(Data entries)
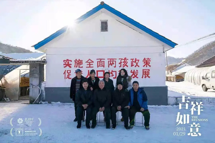 《吉祥如意》是在筹备《缝纫机乐队》的时候拍的。《缝纫机乐队》在吉林省集安市拍摄,离姥姥的家乡很近,电影里的“大吉他”要建5个月,当时临近春节,大鹏想要回去拍一场家里人的年夜饭,顺便还能陪姥姥过个年。
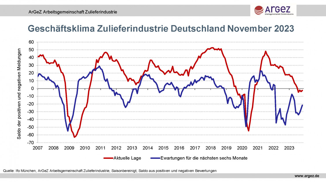 Das Geschäftsklima der deutschen Zulieferer verbessert sich im November um 3,4 Saldenpunkten. Mit einem Wert von -12,2 Punkten bleibt die Stimmung unter den Unternehmen jedoch nach wie vor schlecht. Zwar legen die saisonbereinigten Erwartungen für die kommenden sechs Monate ebenso wie die Beurteilung der aktuellen Geschäftslage zu, dass dies jedoch ein entscheidender Impuls ist, um den Abschwung der vergangenen Monate zu durchbrechen, ist zweifelhaft.
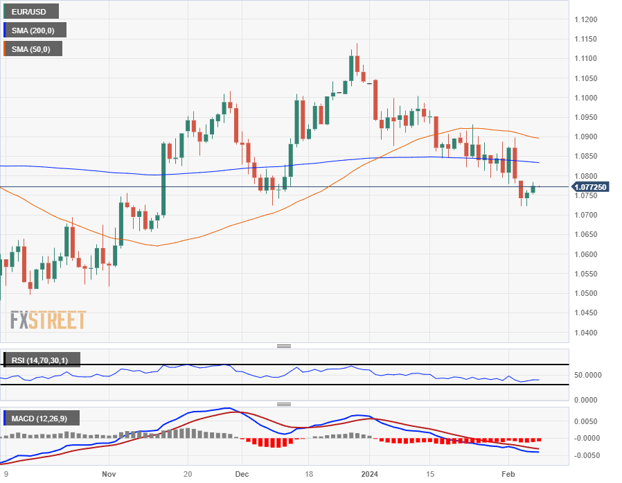 EUR/USD saw a thin grind higher on Wednesday amidst a mid-day dip-and-rally in the US market session followed by a slim recovery into the day’s mid-range. The pair tested back into familiar territory near 1.0750 after touching a minor intraday high of 1.0784.
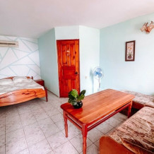 Во всех номерах турбазы обязательно есть санузел (один или два), холодильник и телевизор. Отдых в Анапе мы предложим и парам, и большим компаниям - есть номера вместительностью от двух до шести человек. Есть возможность установить дополнительные спальные места.
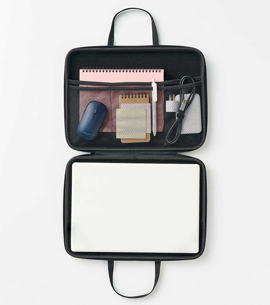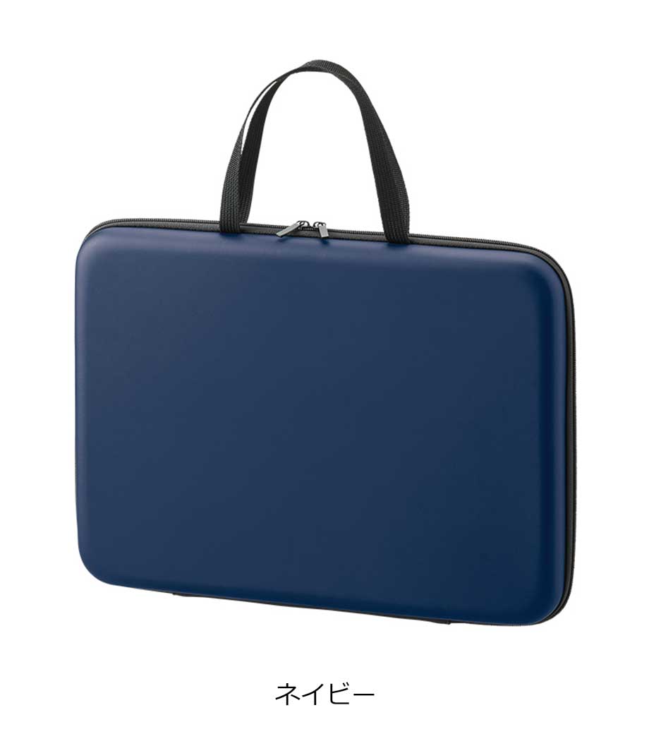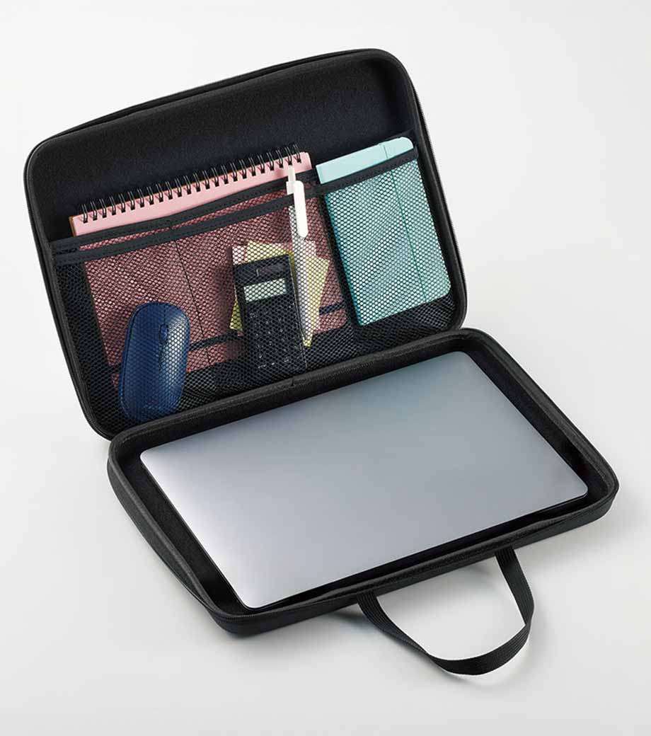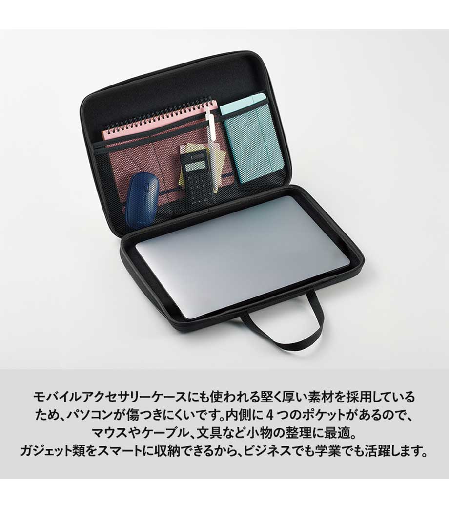 PCを安全に持ち運べるハードタイプのPCケースです。コの字型に大きく開くダブルファスナーで、PCの出し入れもスムーズ。内側にはメッシュポケットが4つあり、大きな仕切りポケットには書類等を、3つの小分けポケットにはケーブルや小物の整理にも便利です。
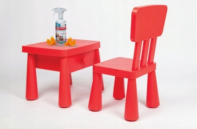 Безпечна, гіпоалергенна, на 100% натуральні інгредієнти, рідина для миття іграшок, дитячих речей, аксесуарів, меблів, текстилю та інших поверхонь, з якими контактують діти. Він має європейський знак якості V-Label для веганських продуктів.
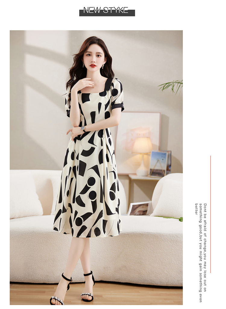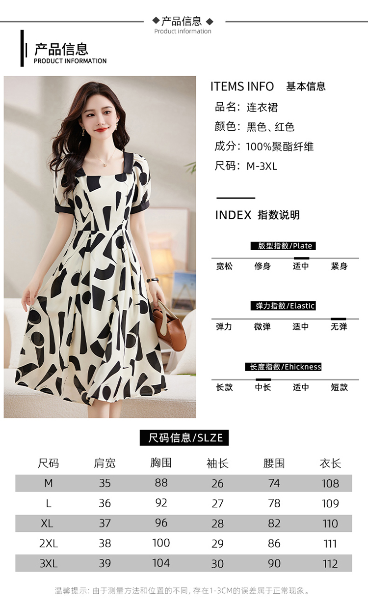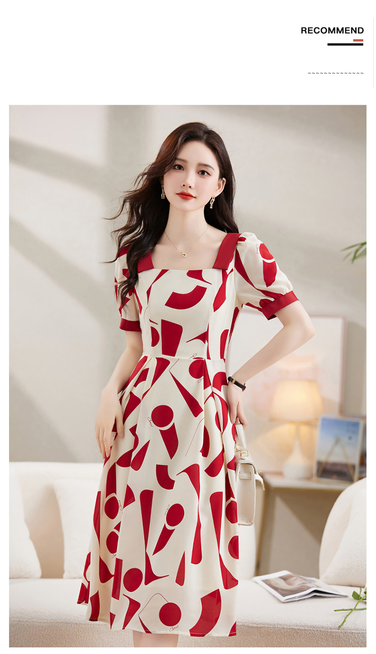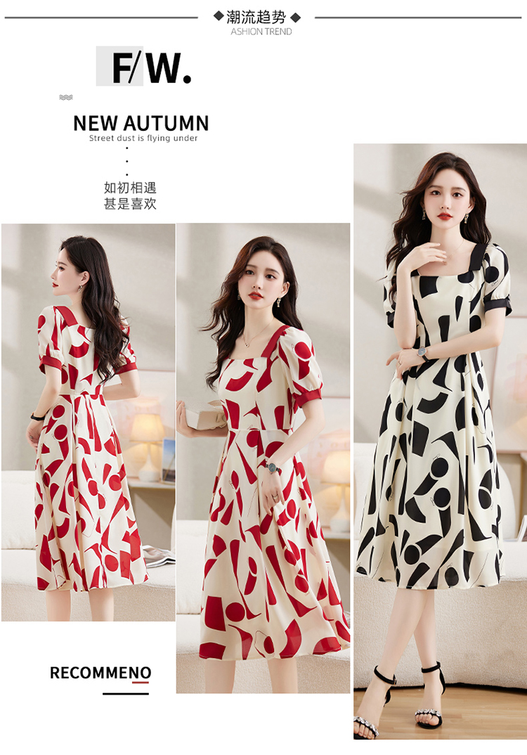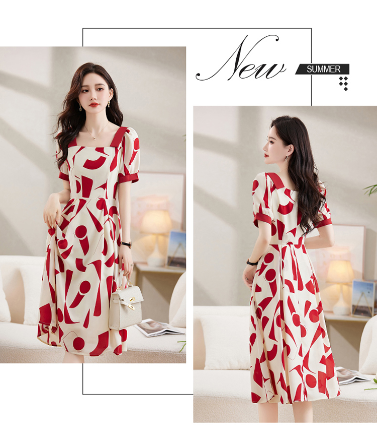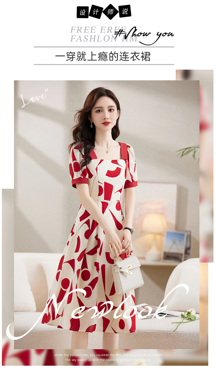 夏季新款,拼色优雅方领连衣裙HR-ZYIF2523-1

Work item: Restate word for word the lines starting at the one that contains "Безпечна, гіпоалергенна, на" and ending at the last line of the data. Skip every picture.

Expected answer:
 Безпечна, гіпоалергенна, на 100% натуральні інгредієнти, рідина для миття іграшок, дитячих речей, аксесуарів, меблів, текстилю та інших поверхонь, з якими контактують діти. Він має європейський знак якості V-Label для веганських продуктів.
 夏季新款,拼色优雅方领连衣裙HR-ZYIF2523-1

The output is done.